At the time of the execution of these instruments John J. Tucker was not insane. Neither was he in such a state of mental imbecility as to render him entirely incapable of executing a valid deed; but the conclusion is to our minds irresistible that he was, by reason of his bodily infirmities, super-induced by the death of his son, in such a condition of mental weakness as to render him peculiarly susceptible to any influence which in his weakened mental condition he could neither meet nor combat. In such cases imposition or undue influence will be inferred. Allnore v. Jewell, 94 U. S. 506, 24 L. Ed. 260.

In the above case the court quotes from Harding v. Wheaton, reported in 2 Mason 378, as follows:

“Extreme weakness will raise an almost necessary presumption of imposition, even when it stops short of legal incapacity, and though a contract in the ordinary course of things, reasonably made with such a person, might be admitted to stand, yet if it should appear to be of such a nature as that such a person could not be capable of measuring its extent or importance, its reasonableness or its value, fully and fairly,' it cannot be that the law is so much at variance with common sense as to uphold it.”

*177The court continúes:

“The same doctrine is announced in adjudged cases almost without number; and it may be stated as settled law, that whenever there is great weakness of mind in a person executing a conveyance of land, arising from age, sickness, or any other cause, though not amounting to absolute disqualification, and the consideration given for the property is grossly inadequate, a court of equity will upon proper and seasonable application of the injured party, his representatives or heirs, interfere and set the conveyance aside.”

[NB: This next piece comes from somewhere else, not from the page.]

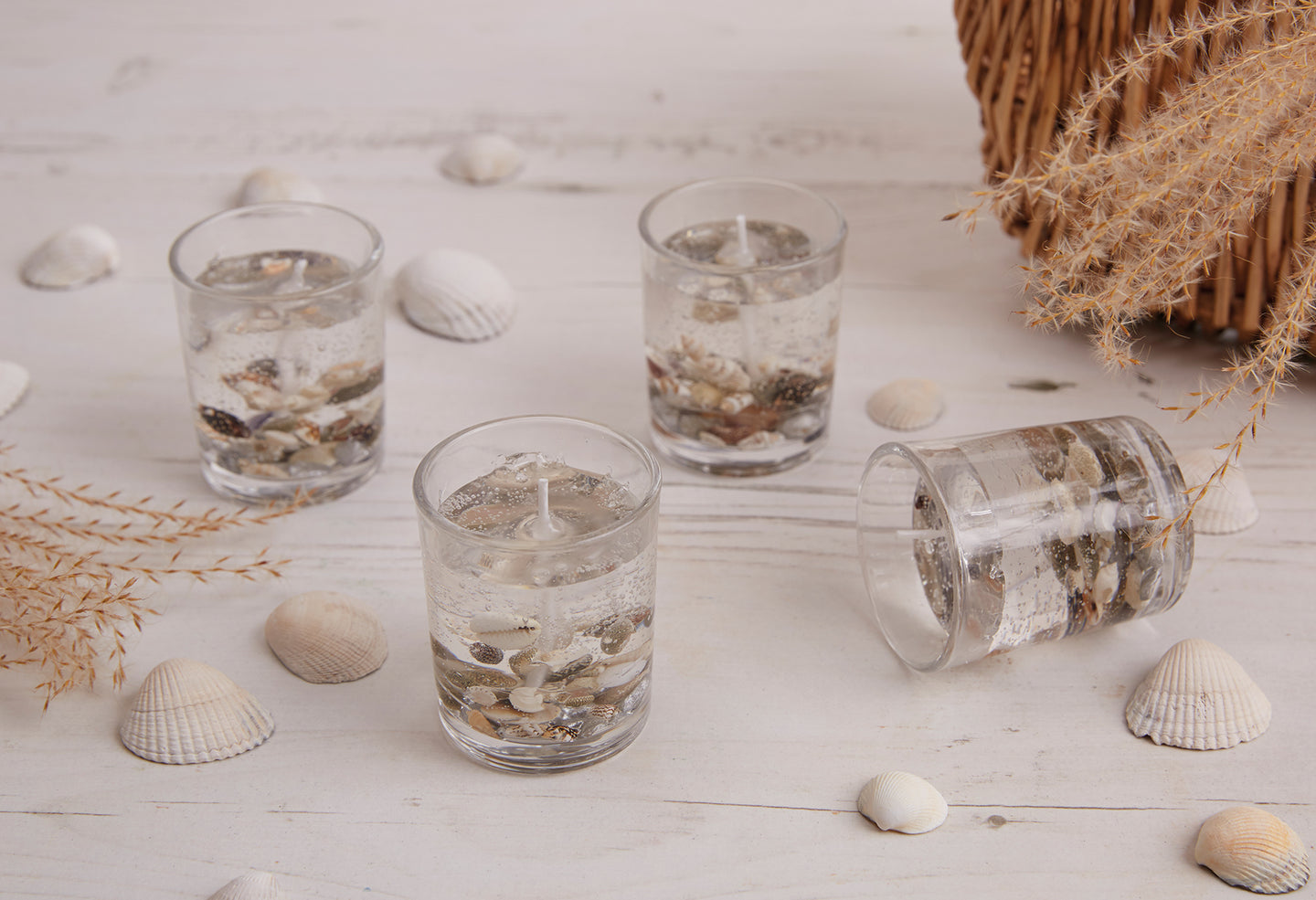 Make stunning clear gel candles. Using this lovely clear gel wax allows you to make candles that are really out of the ordinary, and a big talking point with friends and family. Decorate with shells and pebbles, and display in the four candle glasses. Contents includes Gel Wax, Candle Glasses, Wicks, Natural Shell Selection, Silver Pebbles and Instructions.

The consideration named in the deed was $10; that in the assignment was a “valuable consideration.” It is admitted nothing was paid, and they are now claimed as voluntary gifts. We. think the present case a proper one for the application of the principles above quoted. In the case of Hunter v. McCammon, 104 N. Y. Supp. 402, it is said, in speaking of a conveyance by a mother to her daughter, attacked on the ground of fraud:

“This situation imposed upon the defendant the burden of showing that the transaction was fair, open, voluntary, and well understood, where the relationship between the parties is that of parent and child, principal and agent, or where one' party is situated so as to exercise a controlling influence over the will and conduct of another, transactions between them are scrutinized with extreme vigilance, and clear evidence is required that the transaction was understood and that there was no fraud, mistake or undue influence. Where those relations exist there must be clear proof of the integrity and fairness of the transaction or any instrument thus obtained will be set aside.”

In Croissant v. Beers, 118 Ill. App. 502, the court uses this language:

“We hold the law to be that where an aged and infirm parent conveys substantially all his property to a child, ‘without consideration, and without any contract to support, it is for the child to show that the conveyance was fair and reasonable.”

*178The respondents have not, in our opinion, met this burden. They have not convinced us that these transactions were open and fair and fully understood and appreciated by John J. Tucker. They have failed to show any reason why this old and infirm man, who in his days of mental and physical vigor was shown to be exact, careful, and insistent to the last cent in his financial transactions, should give away all his property to one heir to the exclusion of the others, without any consideration for his future support and maintenance, without any provision for sufficient money to procure him the few bodily comforts and necessities he could not obtain in his charity home, and leave himself penniless and an inmate of this county hospital until his death. It is too improbable, and no court ought to sustain such a conveyance without clear and convincing proof of its fairness and full appreciation and understanding of its consequences on the part of the grantor. Not finding such evidence in this case, the judgment is reversed, and the case is remanded with instructions to the lower court to enter its judgment in conformity with the views herein expressed.

Rudkin, C. J., Gose, Fullerton, and Chadwick, JJ., concur.